§ Problem
Could every line below be transcribed exactly, with the pictures dropped?

§ Dataset section
============================================================
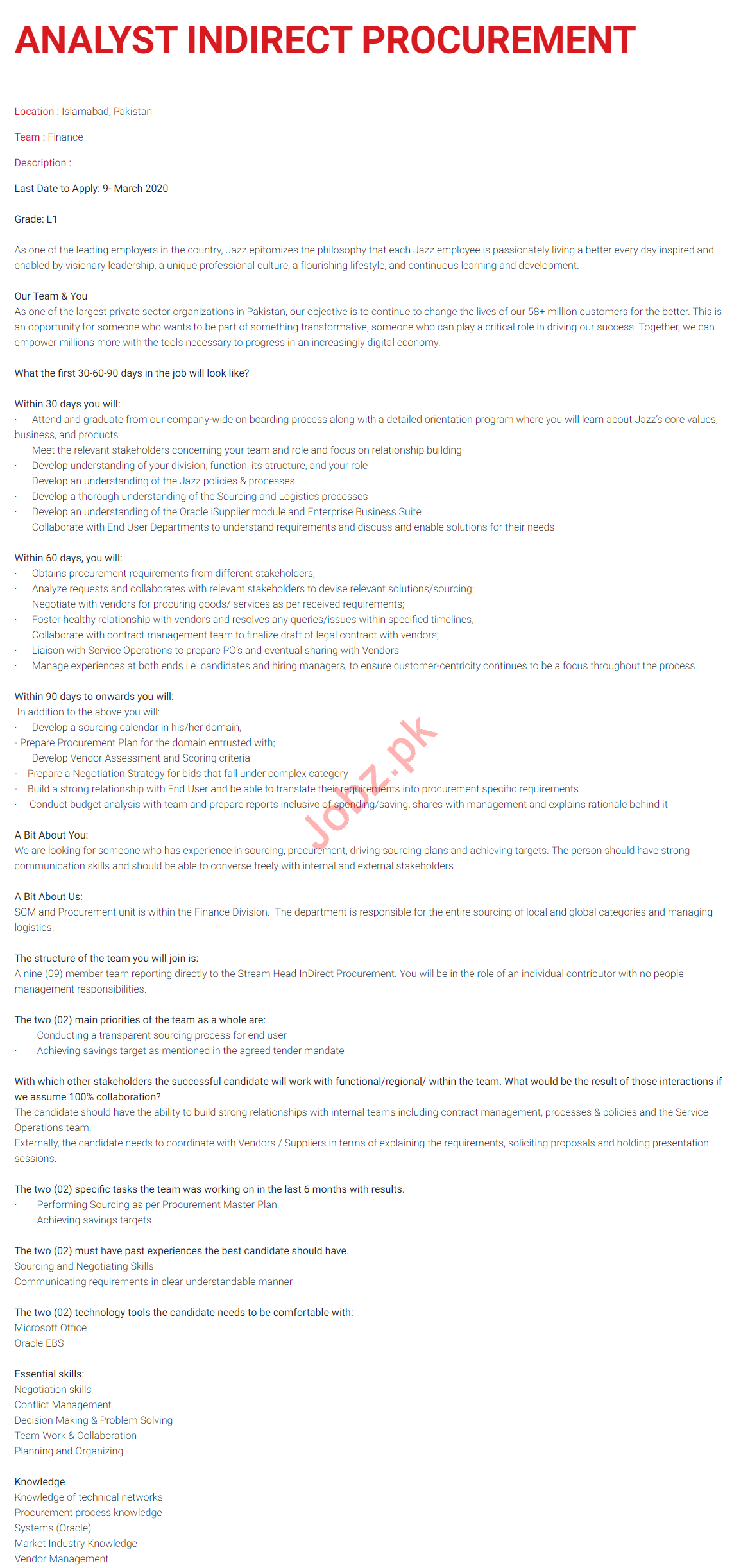 Latest Jazz Telecom Finance Posts Islamabad 2025
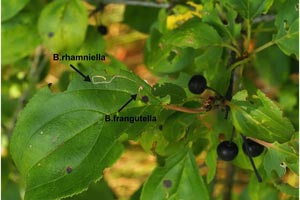 - [Rhamnaceae:] Rhamnus catharticus [= Rhamnus cathartica] (Purgier-Kreuzdorn)
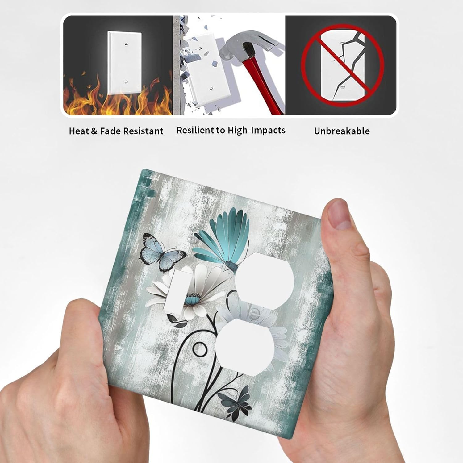 Wallplates Rustic Teal Daisy Floral Flowers Butterfly Wood Grain 1 Toggle 1 Duplex Switch Plate Electrical GFCI Faceplate Decorative Light Switch Covers for Bathroom Bedroom Decor
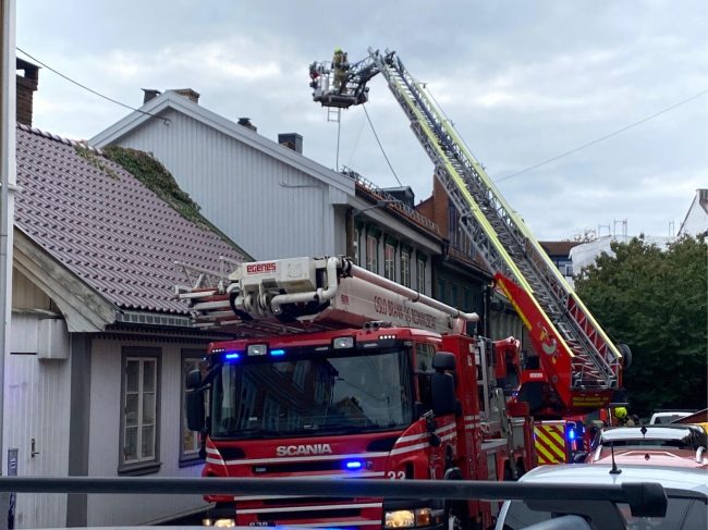 Den idylliske stemningen blir gradvis borte når gaten er i ferd med å fylles med røyk som kommer ut fra et av trehusene nederst i gaten. Våre kolleger fra ambulansen går i BAPS 1 og begynner å varsle de som lytter om brann i Langgata. Parallelt har 110-sentralen mottatt flere telefoner om det samme og har allerede varslet ut en slukkegruppe og innsatsleder brann, som var artikkelforfatter sin rolle denne vakta.
============================================================
§ Exercise solution
 Latest Jazz Telecom Finance Posts Islamabad 2025
 - [Rhamnaceae:] Rhamnus catharticus [= Rhamnus cathartica] (Purgier-Kreuzdorn)
 Wallplates Rustic Teal Daisy Floral Flowers Butterfly Wood Grain 1 Toggle 1 Duplex Switch Plate Electrical GFCI Faceplate Decorative Light Switch Covers for Bathroom Bedroom Decor
 Den idylliske stemningen blir gradvis borte når gaten er i ferd med å fylles med røyk som kommer ut fra et av trehusene nederst i gaten. Våre kolleger fra ambulansen går i BAPS 1 og begynner å varsle de som lytter om brann i Langgata. Parallelt har 110-sentralen mottatt flere telefoner om det samme og har allerede varslet ut en slukkegruppe og innsatsleder brann, som var artikkelforfatter sin rolle denne vakta.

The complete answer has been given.